Probability Theory – Problem 62: find the probability that all ducklings fall within the same semicircle

(7+8 points) This problem discusses the probability that $n \geqslant 3$ ducklings swimming independently in a circular pond all fall within the same semicircle. Suppose their positions (treated as point masses) are $\{P_i\}_{i = 0}^{n-1}$. Fix a point $O^*$ on the boundary circle. For each duckling's position $P_i$, draw the ray from the center $O$ of the pond through $P_i$, intersecting the circle at $P_i^*$. Let $\Theta_i$ denote the central angle measured counterclockwise from $O^*$ to $P_i^*$. We may assume $\Theta_i \overset{\text{i.i.d.}}{\sim} U(0,2\pi)$. Define $\displaystyle X_i = \frac{\Theta_i}{2\pi}$, called the ``absolute coordinate'' of each duckling.
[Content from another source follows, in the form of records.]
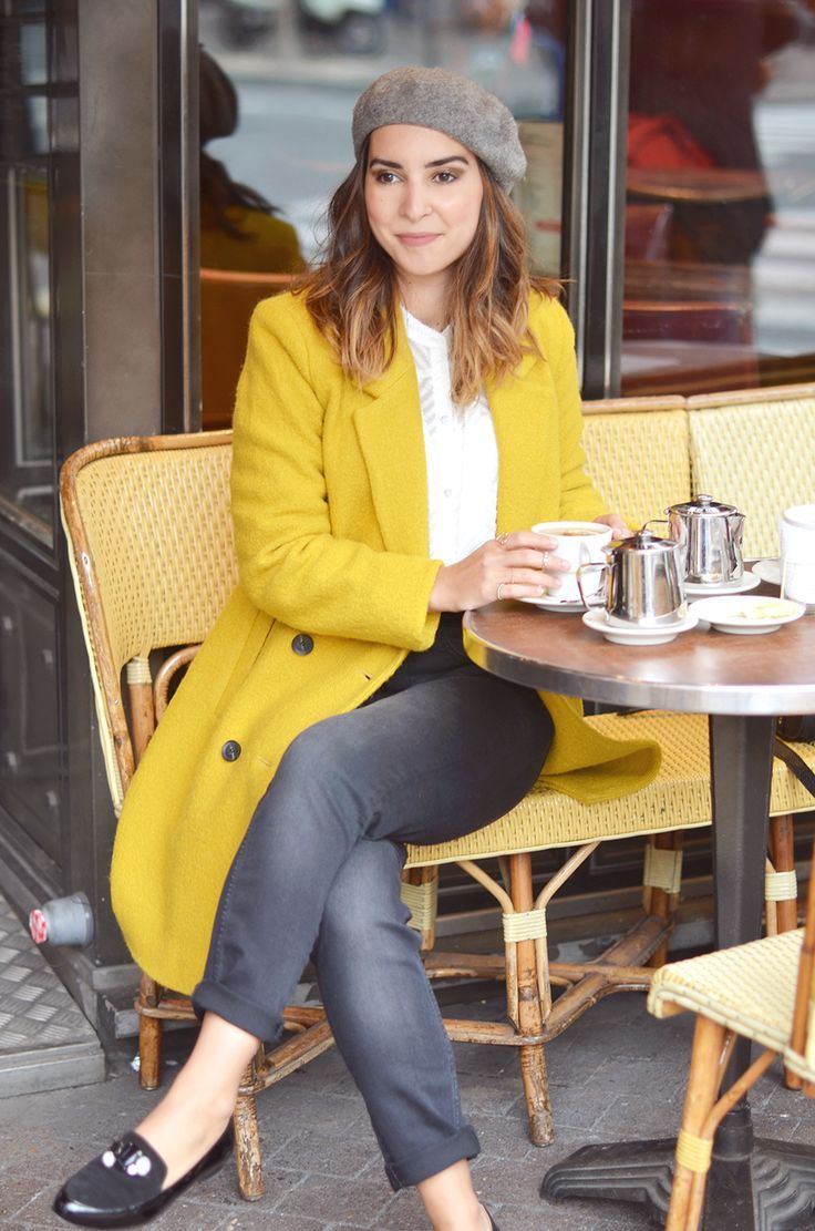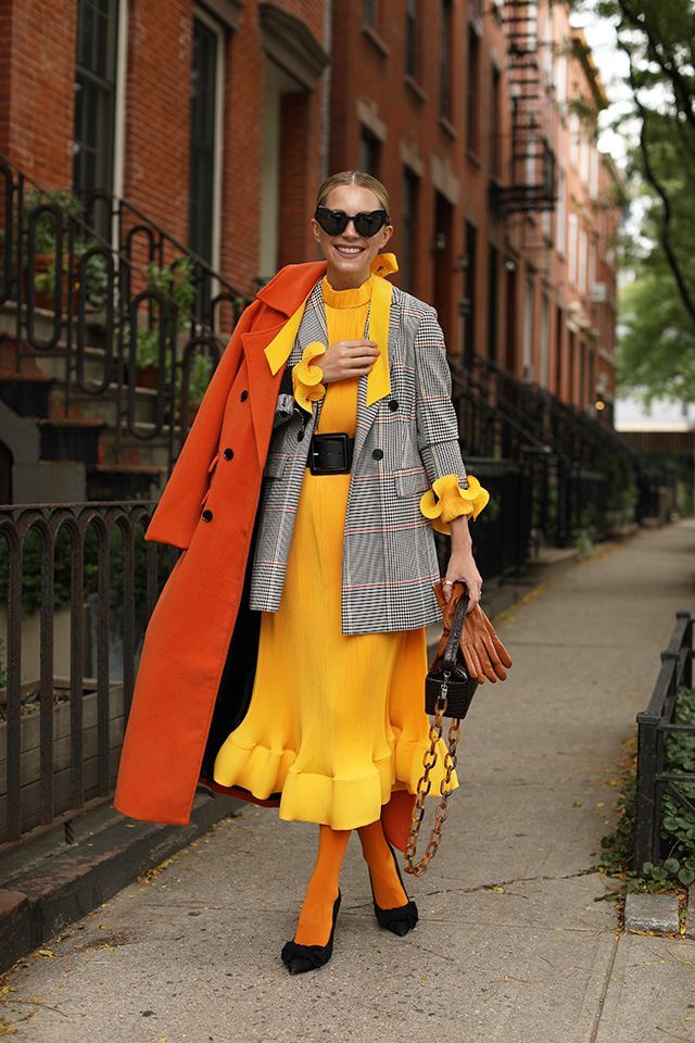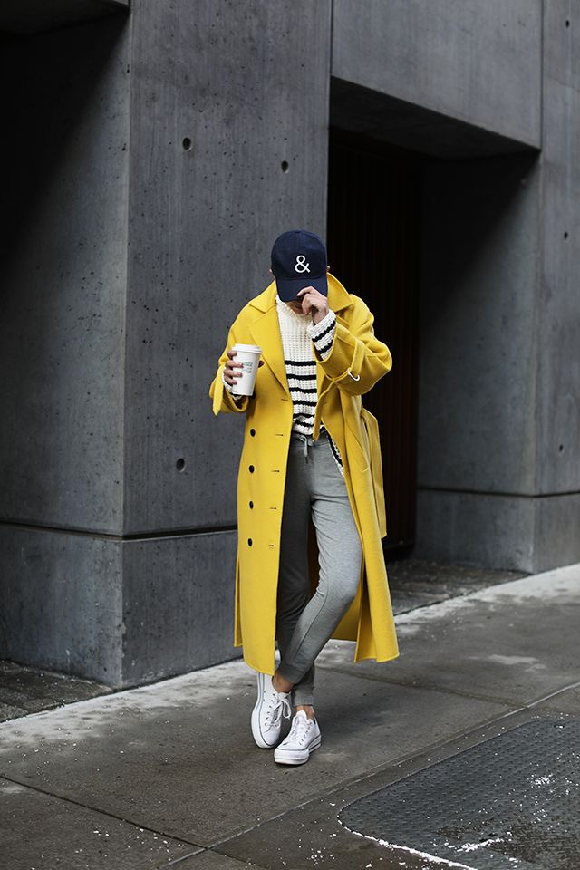 用灰色褲來襯搭上身黃色大衣。(圖:Pinterest)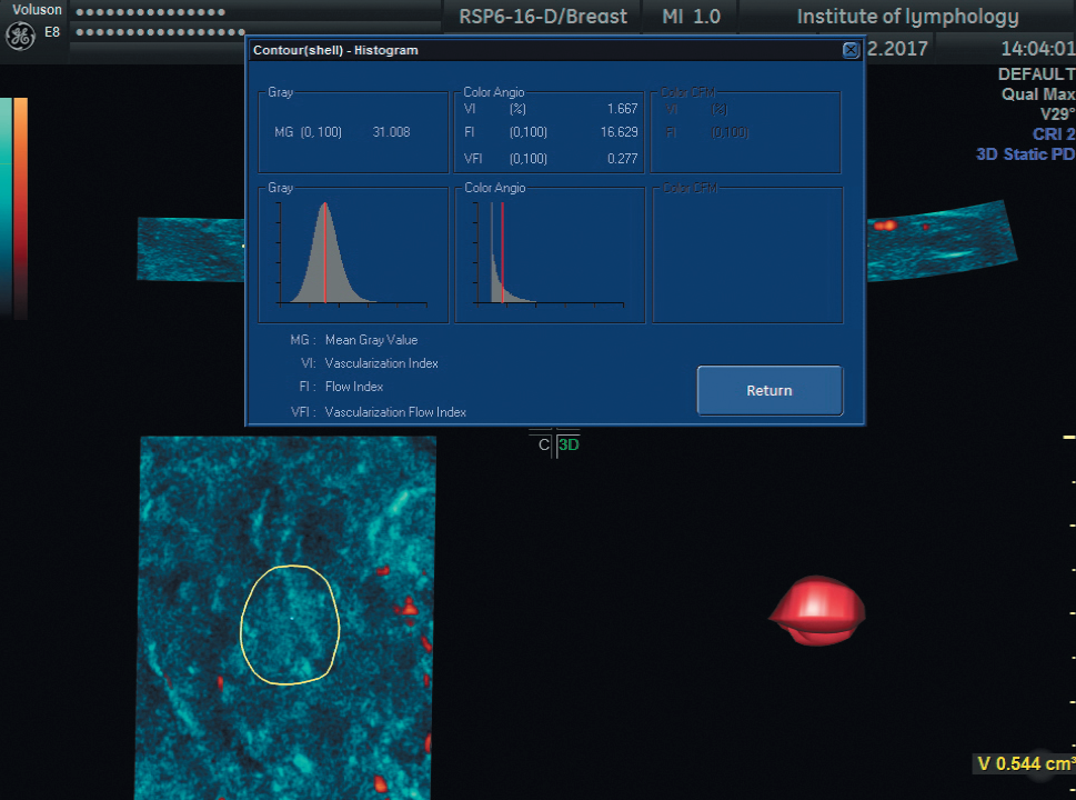 8. Fig. 4. Analysis of vascularization of lipohypertrophy in the subcutaneous tissue of the anterior abdominal wall in the area of insulin injections in a patient with diabetes mellitus. VOCAL ™ (Virtual Organ Computer Aided anaLysis) program. Above: vascular index values; bottom left: reconstruction of the lipo-hypertrophy section in 3D-angio mode; bottom right: volumetric reconstruction of the lipohypertrophy site.
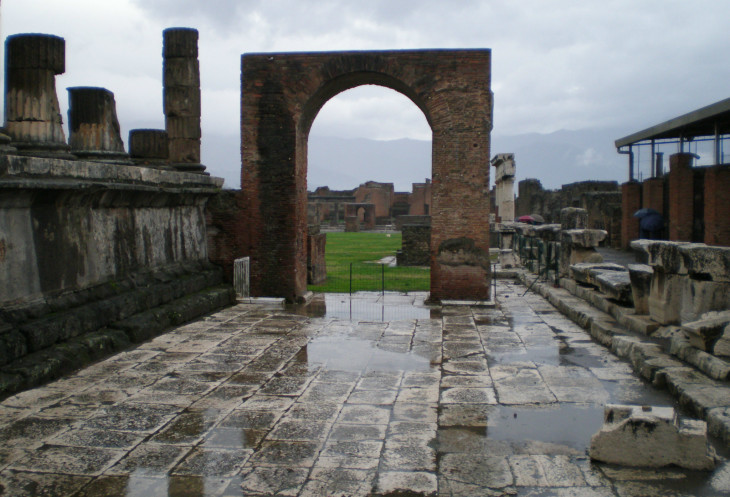 Каменные колонны, на которых все еще видны следы гари, слепки людей, засыпанных пеплом при извержении (при раскопках археологи, натыкаясь на пустоты в грунте, заливали туда гипс и в результате получались "гипсовые статуи" с костями внутри). Позы людей говорили о страшной смерти - большинство погибло от удушья... Постоянным фоном, заставлявшим время от времени оглядываться, был Везувий, расположенный на некотором удалении от города. Спокойный. Пока...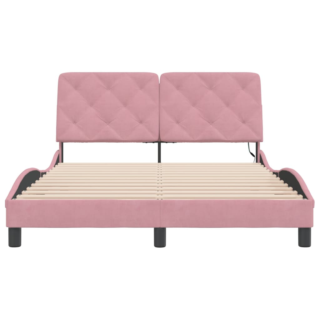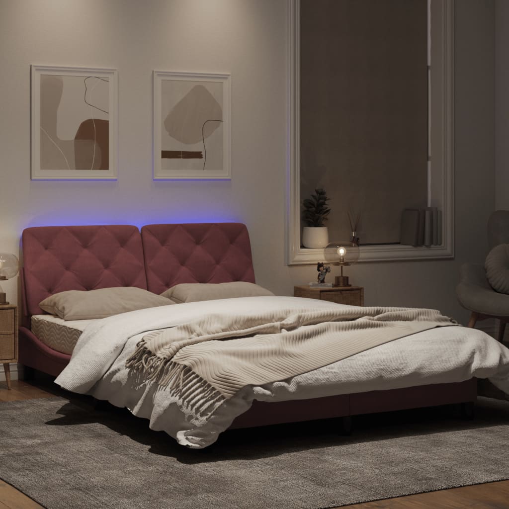 Dieses Bettgestell mit LED-Leuchten sorgt für eine erholsame Nachtruhe! Es stellt eine einladende Ergänzung zu jedem Schlafzimmer dar. Weicher Samt: Samt ist ein weicher und bequemer Stoff, der sich angenehm auf der Haut anfühlt. Sperrholzlatten: Die Sperrholzlatten sorgen für eine gute Gewichtsverteilung und auch dafür, dass die Matratze bei jeder Bewegung deines Körpers während des Schlafes an Ort und Stelle bleibt. Ausgezeichnete Unterstützung: Das Kopfteil-Kissen ist mit Schaumstoff gefüllt und fühlt sich daher extra weich und komfortabel an. Es bietet eine ausgezeichnete Rückenunterstützung beim Sitzen im Bett oder Fernsehen. Bunter LED-Streifen: Die farbenfrohen LED-Leuchten bringen das Schlafzimmer zum Leuchten! Die Klettverschlüsse auf der Rückseite des Kopfteils können zur Befestigung der LED-Leuchten verwendet werden. Wellenförmiges Seitendesign: Das stilvolle und raffinierte Design in Wellenform verleiht deiner Einrichtung eine moderne und elegante Note und macht das Bettgestell zum Mittelpunkt deines Schlafzimmers. Gut zu wissen:Bei diesem Bett ist keine Matratze im Lieferumfang enthalten. Wir bieten jedoch eine große Auswahl an Matratzen an. Du kannst in unserem Shop nach einer passenden Matratze suchen.Das Produkt verfügt über einen USB-Anschluss, für den eine zertifizierte 5V-USB-Stromquelle erforderlich ist (nicht im Lieferumfang enthalten).

Fix one duckling $P_0$, called the ``lead duckling'', and set $\hat{\Theta}_0 := 0$. For each other duckling $P_i$, let $\hat{\Theta}_i$ be the central angle measured counterclockwise from $P_0^*$ to $P_i^*$. Define the ``relative coordinate'' $\displaystyle \hat{X}_i = \frac{\hat{\Theta}_i}{2\pi}$.

Write the transformation formula from ``absolute coordinates'' to ``relative coordinates''. Then find the probability that all $n$ ducklings fall within the same semicircle.

The absolute coordinate $X_i$ and the central angle $\Theta_i$ satisfy $X_i = \dfrac{\Theta_i}{2\pi}$, where $X_i \in [0, 1)$. The relative coordinate $\hat{X}_i$ is determined by the angle $\hat{\Theta}_i$ measured counterclockwise from $P_0^*$ to $P_i^*$, i.e., $\hat{X}_i = \dfrac{\hat{\Theta}_i}{2\pi}$. When $X_i \geqslant X_0$, the counterclockwise arc corresponds to the proportion $X_i - X_0$; when $X_i < X_0$, the counterclockwise path crosses the angle $0$ (i.e., $2\pi$), corresponding to the proportion $1 + X_i - X_0$. Therefore the transformation formula from absolute to relative coordinates is: $$\hat{X}_i = \begin{cases} X_i - X_0, & X_i \geqslant X_0 \\ X_i - X_0 + 1, & X_i < X_0 \end{cases}$$ This formula can also be written uniformly as $\hat{X}_i = (X_i - X_0) \pmod 1$.

Regarding the probability that all $n$ ducklings fall within the same semicircle, this is equivalent to the existence of an arc gap of length greater than $\dfrac{1}{2}$ among the $n$ points uniformly distributed on a circle of circumference $1$. Let the $n$ points divide the circle into $n$ arcs of lengths $L_1, L_2, \dots, L_n$, satisfying $\sum_{k=1}^n L_k = 1$. The event "all points lie in the same semicircle" is equivalent to "there exists some $k$ such that $L_k > \dfrac{1}{2}$". Since the total length is $1$, it is impossible for two arcs to simultaneously have length greater than $\dfrac{1}{2}$, so the events $\{L_k > \dfrac{1}{2}\}$ for different $k$ are mutually exclusive.

Consider the arc length $L_i$ starting from point $P_i$ in the counterclockwise direction. The event $L_i > \dfrac{1}{2}$ means that the counterclockwise arc of length $\dfrac{1}{2}$ starting from $P_i$ contains no other points, or equivalently, all other $n-1$ points lie in the clockwise semicircle from $P_i$. For a fixed $P_i$, the probability that each of the remaining $n-1$ independently distributed points falls in the specified semicircle is $(\dfrac{1}{2})^{n-1}$. Since there are $n$ points and the corresponding mutually exclusive events number $n$, by the addition rule for mutually exclusive events, the probability that all points lie in the same semicircle is $P = \sum_{i=1}^n (\dfrac{1}{2})^{n-1} = n(\dfrac{1}{2})^{n-1} = \dfrac{n}{2^{n-1}}$.

The transformation formula is $\hat{X}_i = (X_i - X_0) \pmod 1$; the probability is $\dfrac{n}{2^{n-1}}$.